Work request: From the line that contains "and bench space" to the final line below, both included, print each line exactly and skip the pictures.

Input data:

——

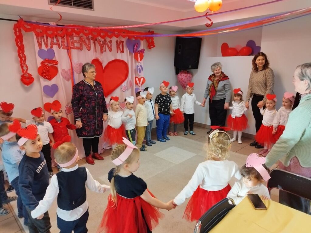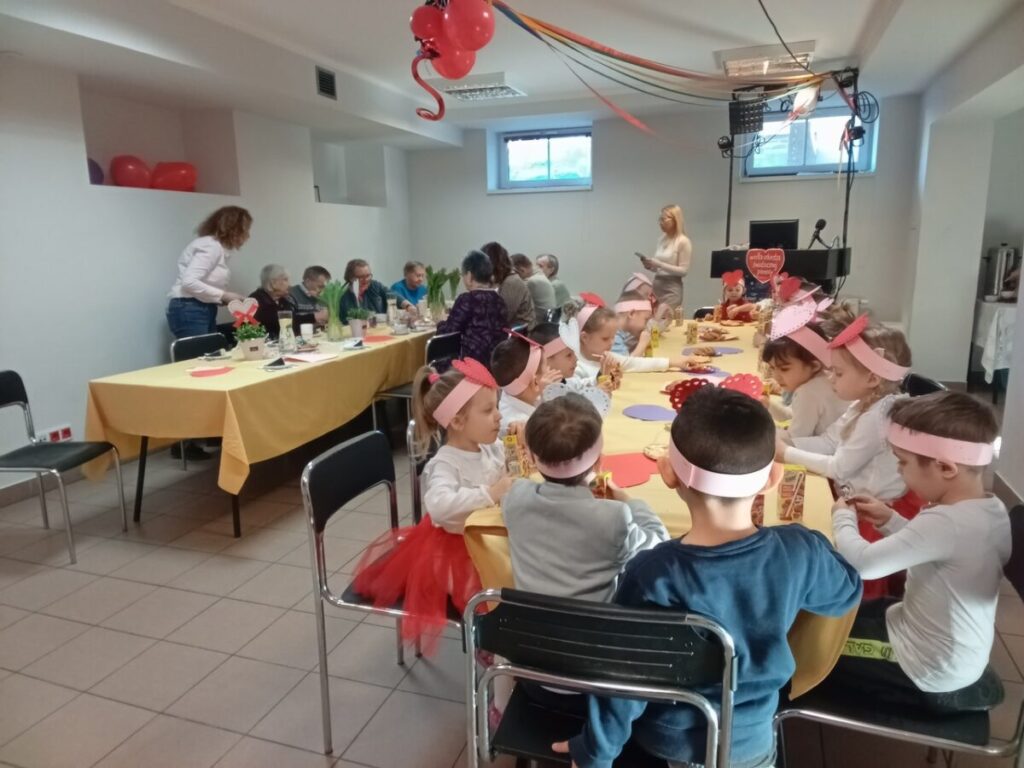 7 lutego 2023 roku nasze przedszkole odwiedzili pensjonariusze Domu Pomocy Społecznej „Ostoja” w Zgorzelcu. Dzieci z grupy ,,Pszczółki” bardzo ładnie przywitały gości prezentując piosenki i zabawy tematyczne. Wszyscy świetnie się bawili pozując do walentynkowej fotobudki oraz tańcząc tradycyjne zabawy kołowe. Zaproszeni goście oraz dzieci na koniec wspólnego spotkanie biesiadowali przy wspólnym stole. ,,Pszczółki” przekazały gościom piękne laurki oraz drobne upominki, które same przygotowały, co wywołało dużo radości i uśmiechu u obdarowanych.
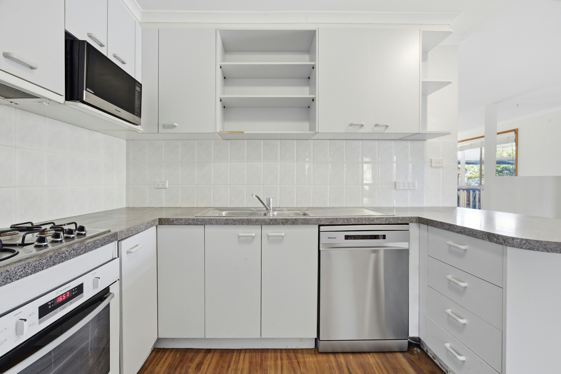 • Practical kitchen with gas cooking, dishwasher, ample storage and bench space
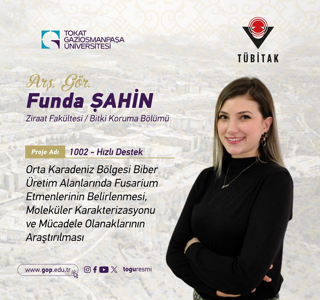 TUBİTAK-1002 Hızlı Destek programı kapsamında projesi desteklenen Ziraat Fakültemiz öğretim elemanı Arş.Gör. Funda Şahin’i Kutlarız

——

Response area:
 • Practical kitchen with gas cooking, dishwasher, ample storage and bench space
 TUBİTAK-1002 Hızlı Destek programı kapsamında projesi desteklenen Ziraat Fakültemiz öğretim elemanı Arş.Gör. Funda Şahin’i Kutlarız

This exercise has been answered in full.